A court in the northwestern German town of Verden said Sven Jaschan, 19, concocted his plans over a long period and worked with "mischievous delight" to create new, better and faster versions of the worm, which spread over the Microsoft Windows operating system in May 2004. "His goal was to improve the computer worm he programmed, especially increasing the speed with which it spread and thus to maximize the damage he intended to cause," the court said.

"He was in competition with others and caused immense, incalculable damage."

Jaschan had confessed to creating the worm, which knocked out an estimated one million computers in homes and businesses.

Sasser victims ranged from the British Coastguard to the European Commission, Goldman Sachs and Australia's Westpac Bank. Some security firms called it the most destructive worm ever.

Described by authorities as a "computer freak," he pleaded guilty to charges of data manipulation, computer sabotage and interfering with public services.

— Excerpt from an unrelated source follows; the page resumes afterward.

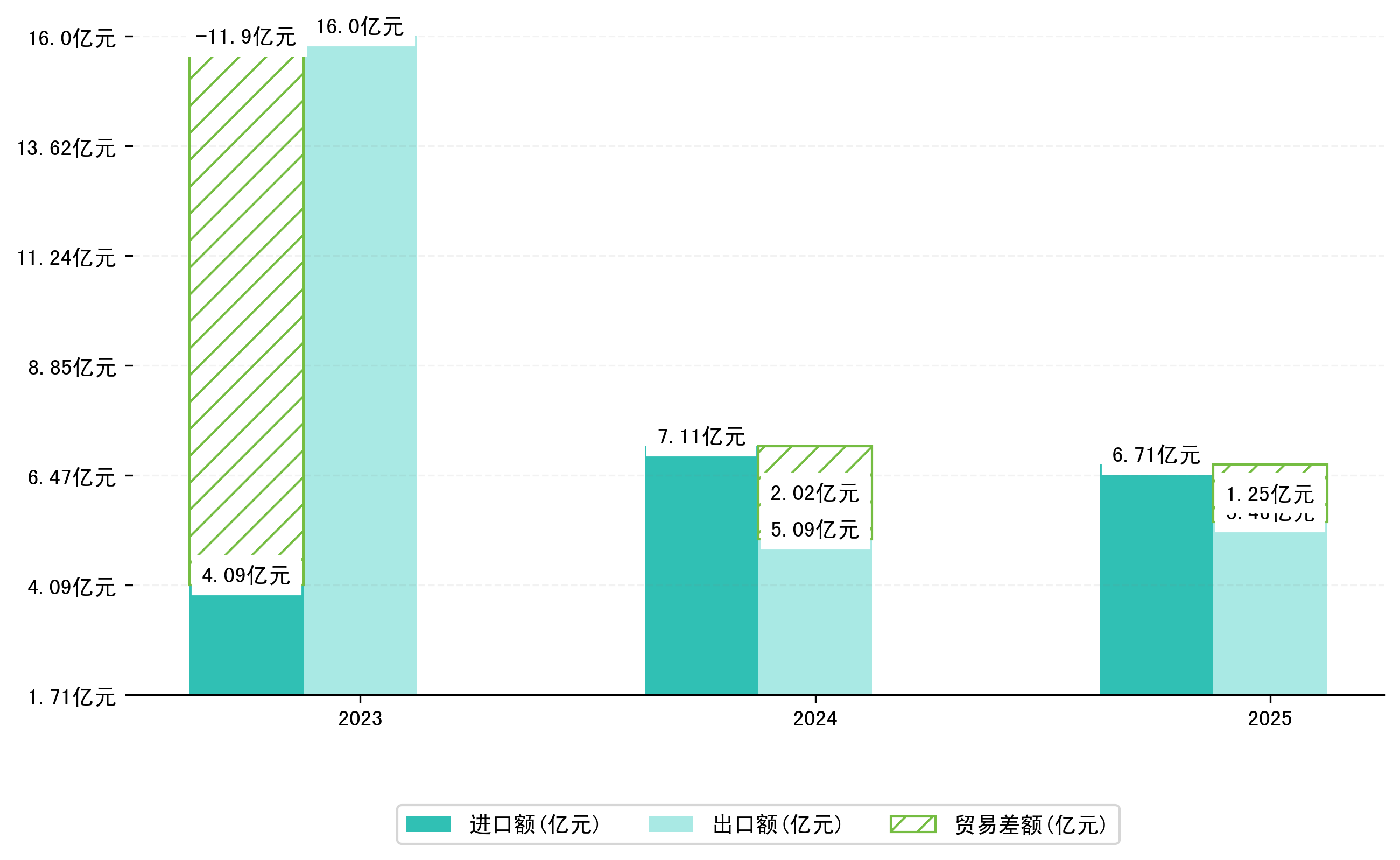 以人民币计,2025年1-1月茂名市贸易差额为1,2465,4263万元(贸易逆差),相比上年同期增加了7722,9987万元,同比增加-38.25%。

However, because he was 17 when the crimes were committed, Jaschan was tried in a youth court and his punishment was far short of the maximum sentence of five years in jail for computer sabotage under German law.

The court said that, while Jaschan had acted with "great intensity and shown enormous criminal energy," he had not done so for material gain. It noted he had been in a "difficult social situation."

NEED FOR RECOGNITION "He was very introverted and extremely shy at that time and was not integrated into his school class, which meant he had a strong need for recognition which he could achieve through his special abilities as a programmer," the court said.

"In addition, the court took into account the behavior of the accused after the act. He showed it was possible for him to complete a decent education with obvious success and achieve stable relationships."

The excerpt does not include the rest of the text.